Lima biji bawah nilainya = 1 biji di atasnya = 5 hitungan. Biji yang di bawah, berturut-turut dari no.1, 2, 3, 4, dst nilainya 1, 10, 100, 1.000 dst, Biji yang diatas nilainya 5, 50, 500, 5.000 dst. Lima biji bawah dapat dipertukarkan dengan 1 biji atas.

PENEMPATAN ANGKA.

Sekarang kita letakan di bagian bawah, mulai no.5 - 1 biji; no.4 - 2 biji; no.3 - 3 biji; no.2 - 4 biji dan no.1 - 5 biji.

Apa yang kita lihat di papan swi-phoa adalah angka 12.345 (dua belas ribu tiga ratus empat puluh lima). Untuk sementara desimal kita abaikan. Latihlah berulang kali sampai kita hafal cara menempatkan angka di papan swi-phoa.
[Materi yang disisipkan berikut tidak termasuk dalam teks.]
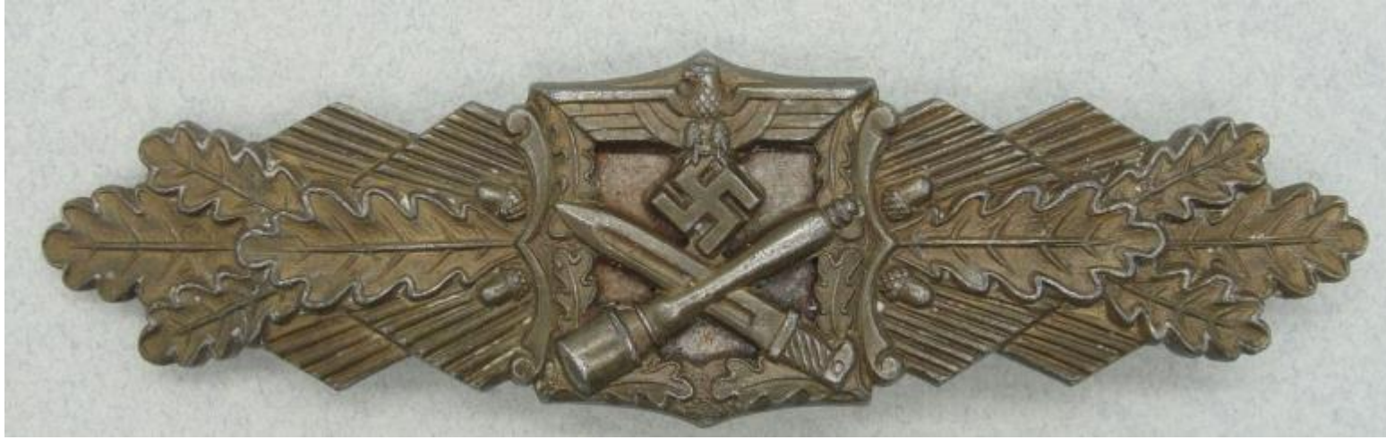
Army/Waffen-SS Close Combat Clasp, Bronze...
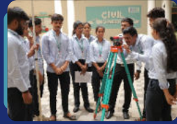
Hands on Sessions
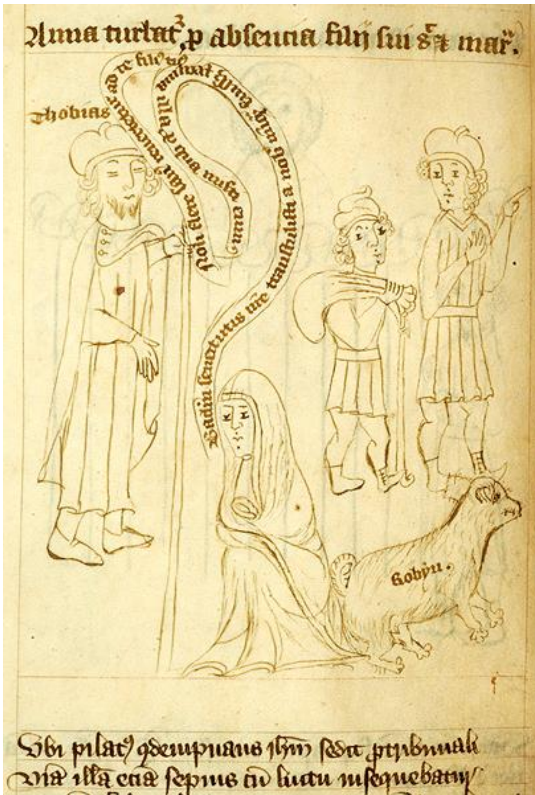
Fig. 9. Detail of a miniature depicting the mourning Tobit and Anna and Tobias and the angel on their way (f. 56v), c. 1400. Ink on vellum, 330 x 240 mm (Full page). New York, The Morgan Library & Museum, MS M. 766. Available from: The Morgan Library and Museum, http://ica.themorgan.org/manuscript/page/69/131050 (accessed May 30, 2018).
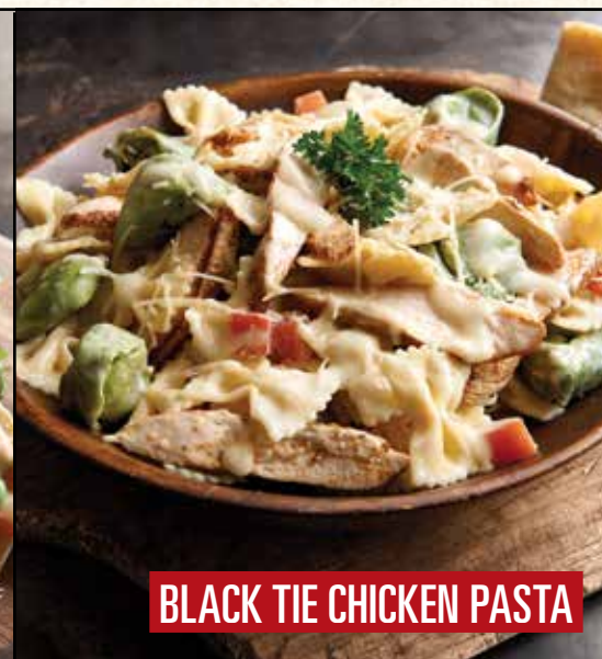
BLACK TIE CHICKEN PASTA
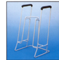
Compression Stocking Donner
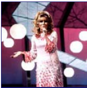
United Kingdom 3367 Posts

sorry rosie, i missed your post, i do care about the song but this one just fulfills the visual dusty thing with me, its bloody goooooorgeous!!!
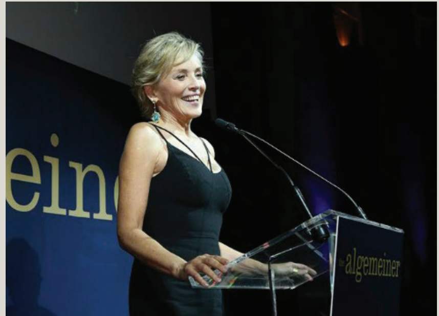
Actress Sharon Stone speaks at The Algemeiner's annual gala in New York City on Thursday.
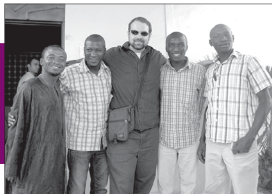
The author (center) with young Christian peacemakers from Kaduna, Nigeria

That day we did nothing but watch and listen, yet the youth made known that our interest in their efforts encouraged them in the positive work they were doing.
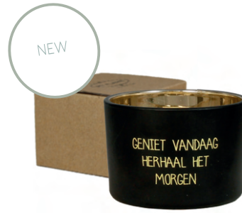
SKU: C2.2.317 Scent: Warm Cashmere Size: D.7.5 x H.5 cm Quantity: 6
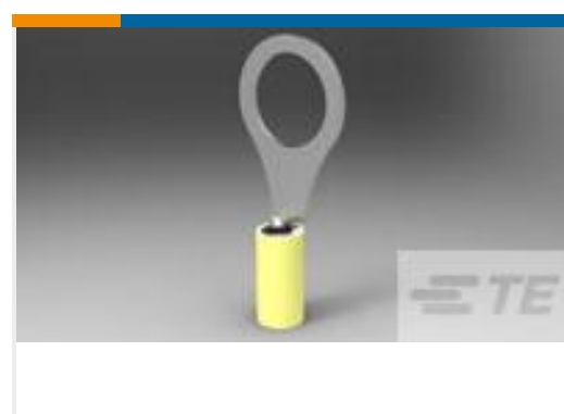
TE Part #2-320577-3 TERMINAL, PIDG R 12-10 3/8
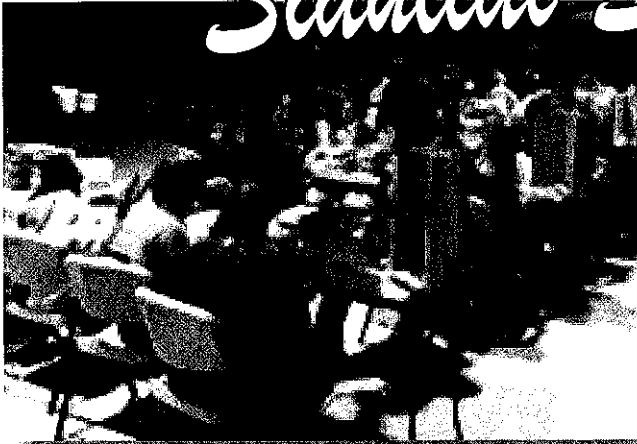
Southeast Bible Baptist (Rochester) did 25,000 Lithuanian John and Romans for their annual project this weekend.

In just two months our team will arrive in Siauliai to undertake the opportunity to distribute the Word of God to a religious but lost people. Please pray for much fruit!

Tahap berikutnya kita coba untuk menempatkan angka 123.456.789 (seratus dua puluh tiga juta, empat ratus lima puluh enam ribu, tujuh ratus delapan puluh sembilan).
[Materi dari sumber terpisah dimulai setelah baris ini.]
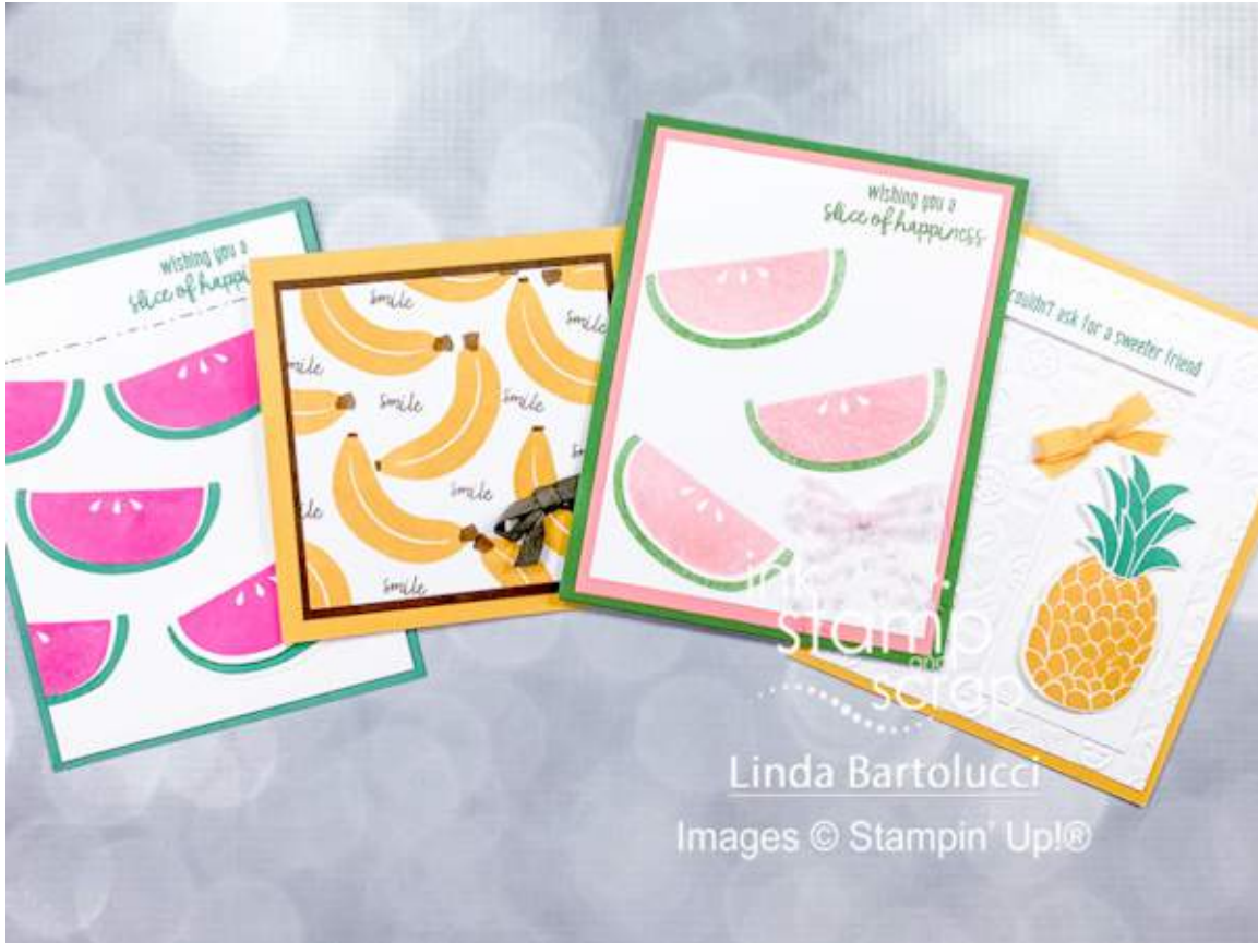
Linda Bartolucci

Shop for products to make these cards at: http://inkstampandscrap.com/shop
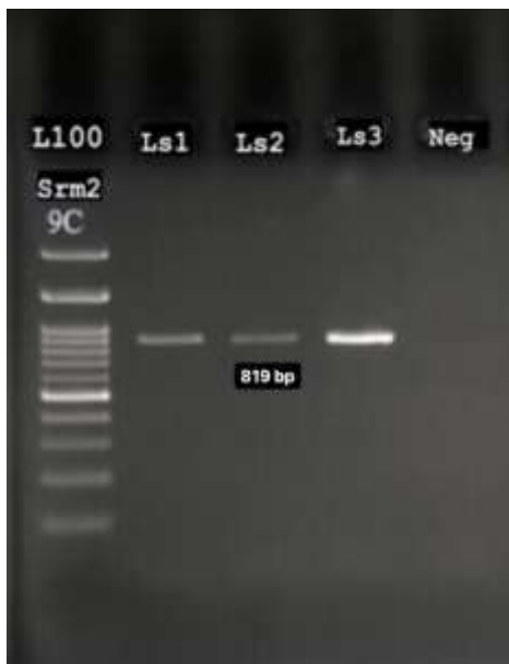
Figure 2. HBV pres/s amplification products electrophoresed on a 1.5% agarose gel L: Ladder 100-1000 bp, Ls: Left area of the pre s/s region, N: Negative control.

This study aimed to set up an appropriate technique and implement it on clinical samples of patients with chronic hepatitis B. For this purpose, ten patients were evaluated by designed specific primers, and the proper temperature and time protocol for amplification of the desired products containing the preS/S region was set up. Proper product bands of each target were obtained, and these products could be utilized to determine the sequence variations of different isolates, including deletion and substitution (Figures 2 and 3).
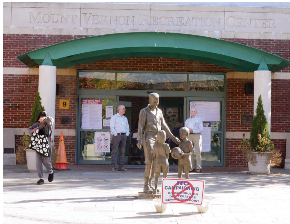
Mount Vernon is typically the city's busiest polling site.

Outside of the Beth El precinct, resident
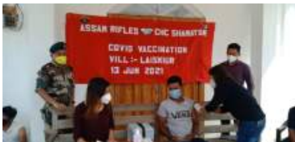
Assam Rifles (AR), Shamator Battalion with the joint effort of Community Health Centre, Shamator conducted a COVID-19 vaccination drive at Lasikiur village on 13 th June 2021.

On 13 th June 2021, Assam Rifles (AR), Shamator Battalion with the joint effort of Community Health Centre, Shamator led by Medical
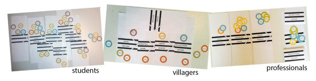
Figure 4. different process visualizations done by stakeholders of Autti village case. Author: Essi Kuure.

The four villages are considered to be 'a set of individual case studies' (Robson, 2002, p. 181), where common features were studied and reflected upon. Every interviewed group reflected on their own experience of the competition. During the interview, every group also demonstrated the process from their point of view by using process phase and thematic paper pieces prepared in advance (Figure 4). First, the group visualized the process from their perspective by stating what happened, in which order and how they would describe the happenings. After that, themes of social engagement, empowerment, co-design and positive change were discussed in connection to the competition. Interviewees marked specific moments in the process with the thematic tags and described at the same time how they felt that these themes were present or non-present during their collaboration.
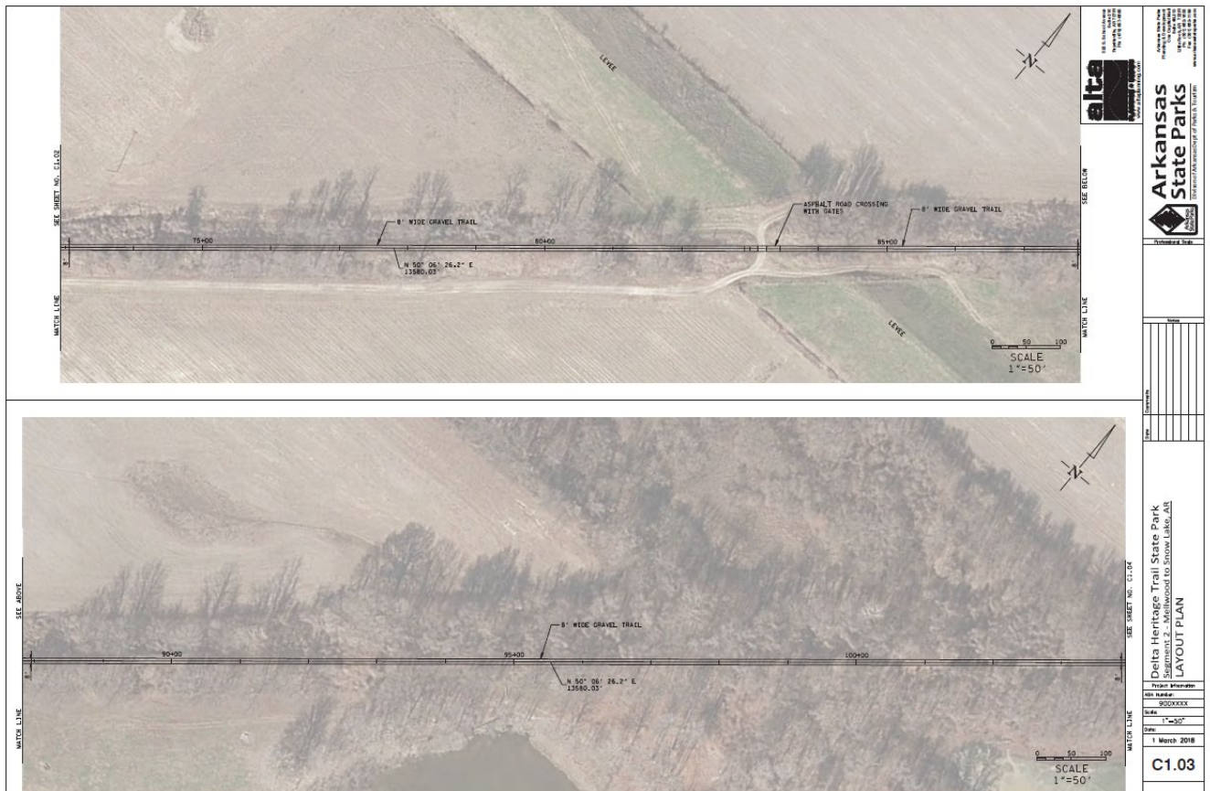
Figure 3. Profile of proposed Delta Heritage Trail improvements, Desha County, Arkansas.

ENVIRONMENTAL COMPLIANCE: A decision on a Section 408 request is a federal action, and therefore subject to the National Environmental Policy Act (NEPA) and other environmental compliance requirements. The scope of analysis for the NEPA and environmental compliance evaluations for the Section 408 review should be limited to the area of alteration and those adjacent areas that are directly or indirectly affected by the alteration. As the proposed project would not result in fill material being placed into any wetlands or waters of the U.S., a Section 404(b)(1) permit is not required from USACE Regulatory Branch. Similarly, a Water Quality Certification would not be required from the States of Arkansas. Additionally, as the proposed Section 408 alteration is within the USACE project footprint, no known historic properties would be affected. Furthermore, the proposed Section 408 alteration was determined to have no effect on threatened or endangered species or their critical habitat pursuant to the Endangered Species Act. The decision on this Section 408 request is being analyzed in accordance with NEPA and is limited to the Section 408 boundaries described herein.

Letakan pada lajur no.9 s/d 5 berturut-turut : 1 biji; 2 biji; 3 biji; 4 biji; dan 5 biji. Semuanya biji yang ada di bagian bawah. Kemudian pada lajur no.4 letakan 1 biji di bagian atas + 1 biji di bagian bawah, nilainya = 6. Pada lajur no.3 letakan 1 biji di atas + 2 biji di bawah, nilainya = 7. Pada no.2 letakan 1 biji di atas + 3 biji di bawah, nilainya = 8. Pada no.1 letakan 1 biji di atas + 4 biji di bawah, nilainya = 9.

Apa yang tampak di papan swi-phoa adalah angka 123.456.789. Latihlah posisi ini berulang kali sampai kita hafal betul posisi angka-angka tsb dari satuan, puluhan, ratusan, dst. Ingat, posisi satuan, puluhan, ratusan, dan seterusnya sangatlah penting. Selanjutnya cobalah menempatkan angka di papan swi-phoa sekehendak hati anda sampai hafal betul, seperti anda menulis di kertas.


PENAMBAHAN.

Sekarang kita coba menjumlahkan : 123 + 234 = 357

Pertama tempatkan dahulu angka 123 seperti di atas. Kemudian tambahkan angka 234 pada posisi yang sesuai, langsung menambahkan biji-biji yang sudah ada di papan. Pada no.3 - 2 biji; no.2 - 3 biji dan no.1 - 4 biji. Maka di papan swi-phoa kita akan melihat angka 357.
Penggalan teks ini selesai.